SHARE 鈴木亜生 / ARAY Architectureによる鹿児島の住宅「SHIRASU」
photo©DAICI ANO
鈴木亜生 / ARAY Architectureが設計した鹿児島の住宅「SHIRASU」です。
以下、建築家によるテキストです。
SHIRASU
住人(夫婦2人・子供4人)は、エネルギーに頼らず、自然や気候風土に開かれたエコロジーな暮らしを望んでいた。敷地は鹿児島市中心市街地から程近いシラス台地上に広がる住宅地。そこで、この台地を形成する地質、シラスを再利用して地域の気候風土に根差した家を計画した。
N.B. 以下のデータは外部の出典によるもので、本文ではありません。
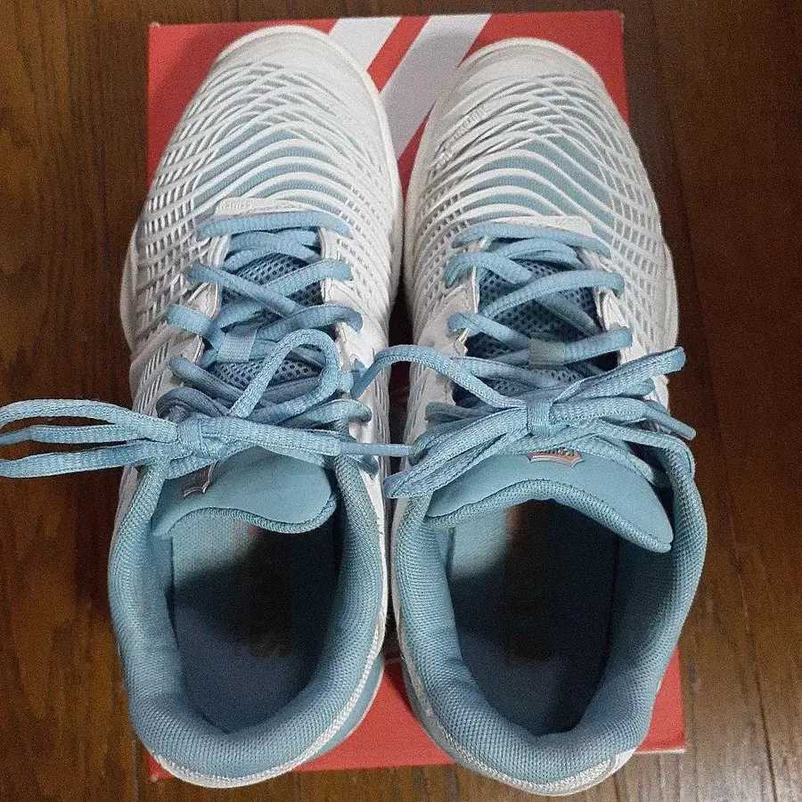 K-SWISS 메쉬 어퍼와 러버 솔 테니스화, 쾌적한 착용감. - 사이즈: 23.5cm - 색상: 화이트/블루 - 디자인: 메쉬 어퍼 - 밑창: 러버 솔 - 스타일: 테니스화 (올코트용) - 특징: 경량 설계 방문해 주셔서 감사합니다. 안쪽, 신발 밑바닥에 약간의 얼룩이 있지만, 여전히 충분히 신으실 수 있는 상품입니다.
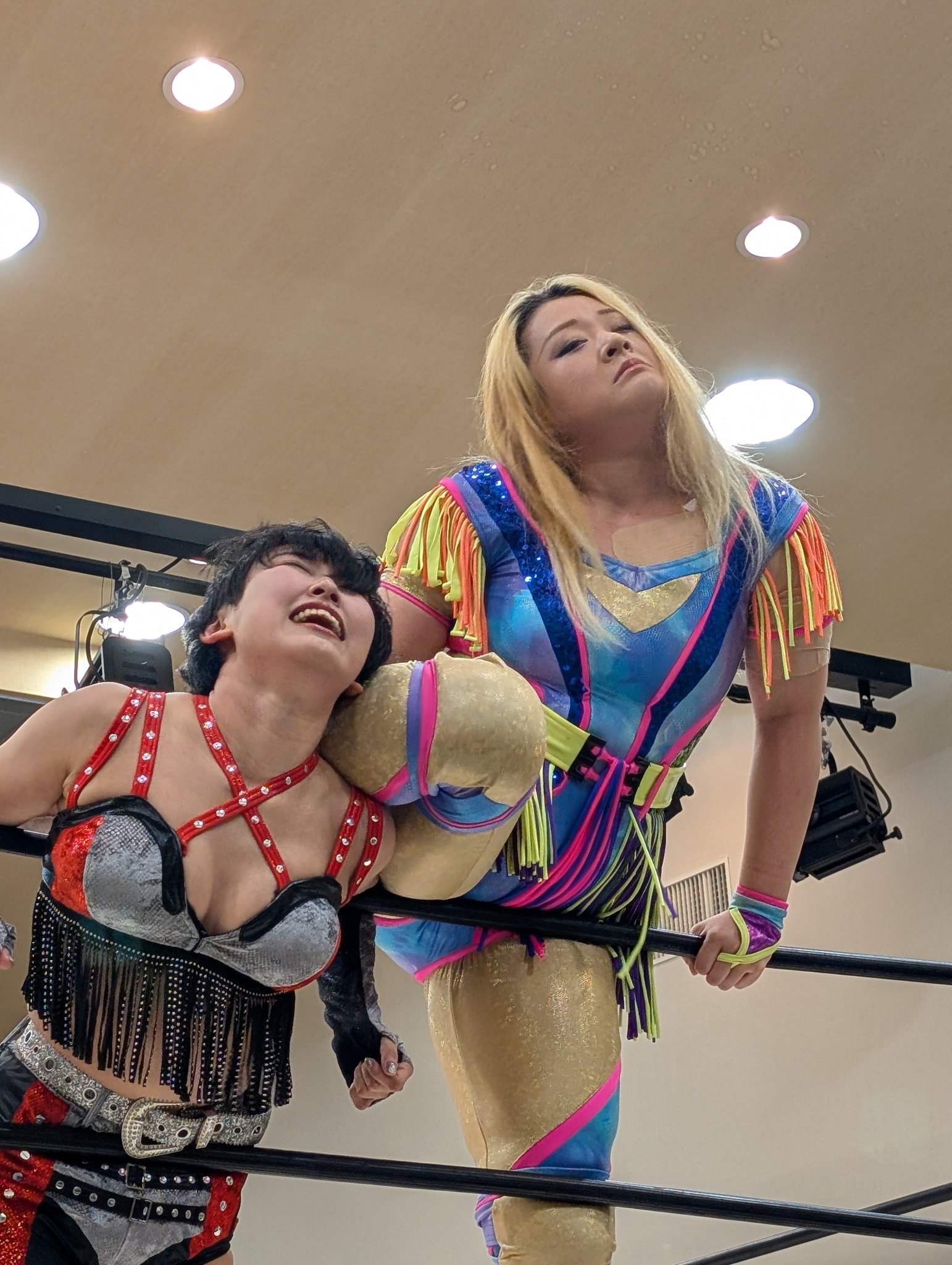 >Thank you for the Niigata show.>Since that recent six-woman tag, I got to face Shinno-san in a singles match this time, and I was happy to get to know Shinno-san better!>Even though there’s still one more day left, my lower back is already—>But I won’t let it get me down!!>#pw_mghttps://x.com/AI_marigold12/status/2040442563489075365
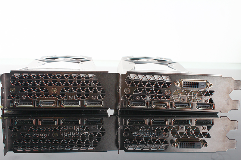 接口对比,GTX 1080Ti减少了DVI接口,不过也相应的增大了出风口。
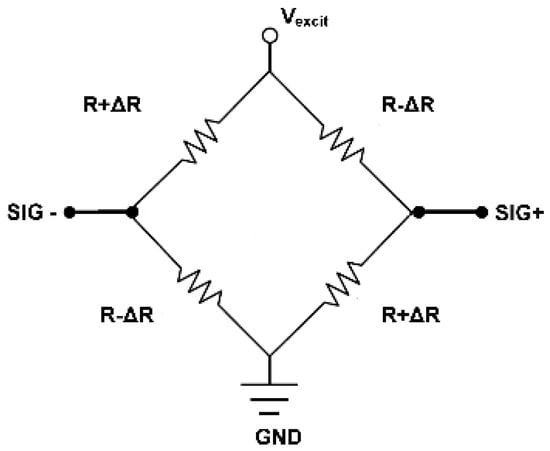 The bottom side of the pressure sensor was sealed at atmospheric pressure using an adhesive. Upon application of pressure, opposite piezoresistors change their resistance by +ΔR and −ΔR. As a result, the signal output at SIG+ and SIG− is offset due to the change in the resistive Wheatstone bridge. The output signal for measurement is given by Vsig:
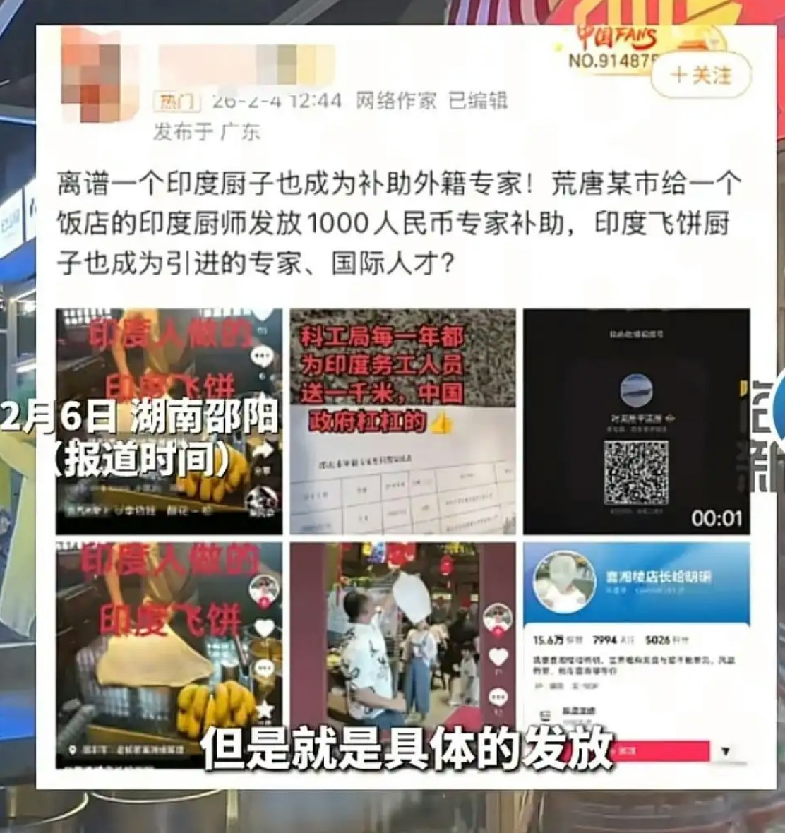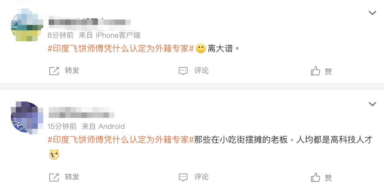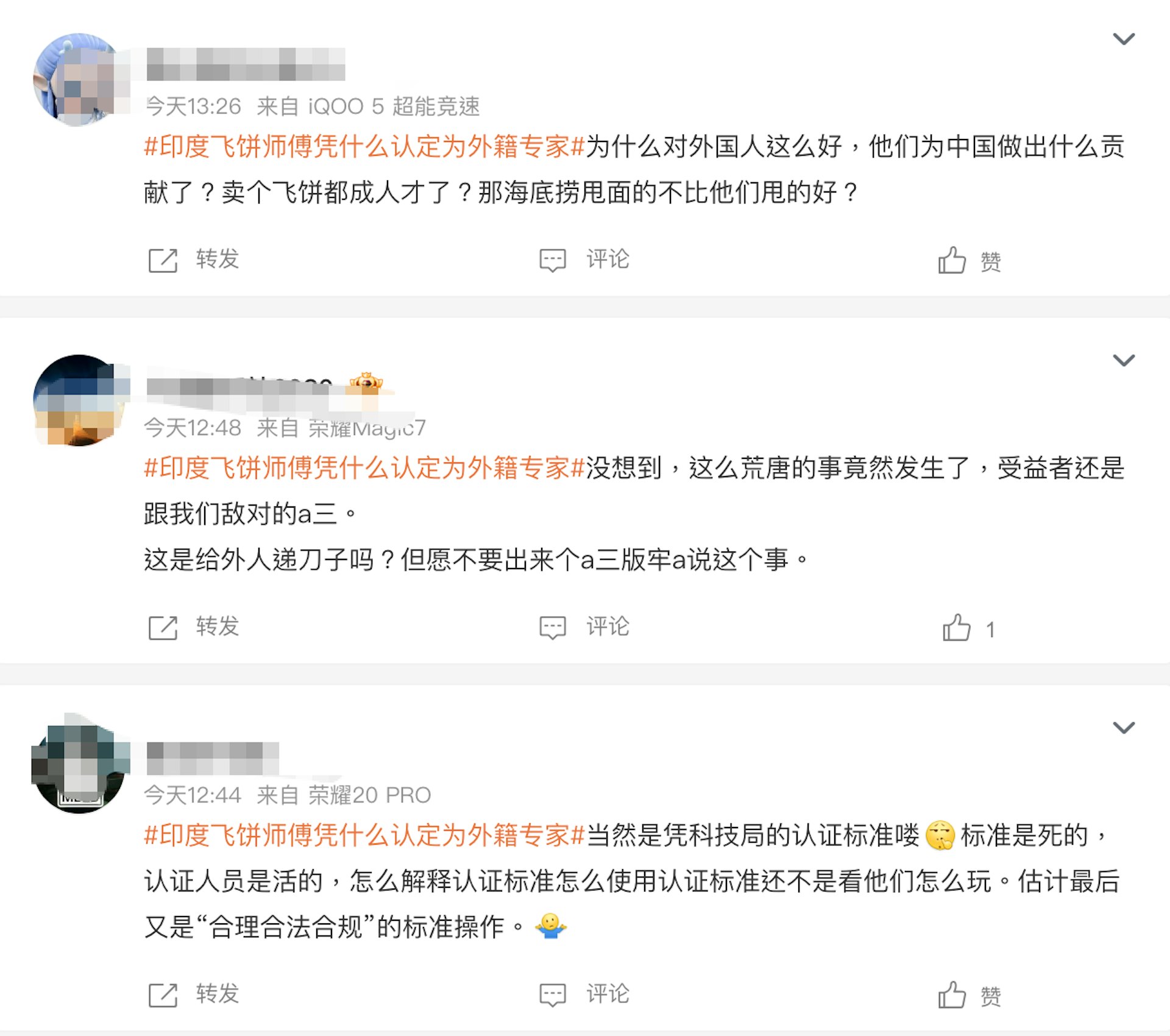 「印度飛餅師傅憑什麼認定為外籍專家」相關話題登上微博熱搜,引發網民熱議。

シラスは断熱性・調湿性・蓄熱性など他の地質にはない特性をもっている。街で普及し始めていた舗装用シラスブロックの加圧成型技術を生かし、建築の組積材として初めての使用を試みた。外壁ブロックは、材料強度を確保するためシラスの配合を変え、内壁ブロックには吸放湿性を高めるためシラス原石を象嵌した。このシラスの性質は、同時にブロックに積層した記憶の表情として表れている。こうして外周全体を内外中空層二重壁に積み上げた家は、シラスの洞窟のような台地に包まれた空間となった。内部は、夏はひんやりと涼しく、冬は暖かく年間を通して安定した温熱環境となる。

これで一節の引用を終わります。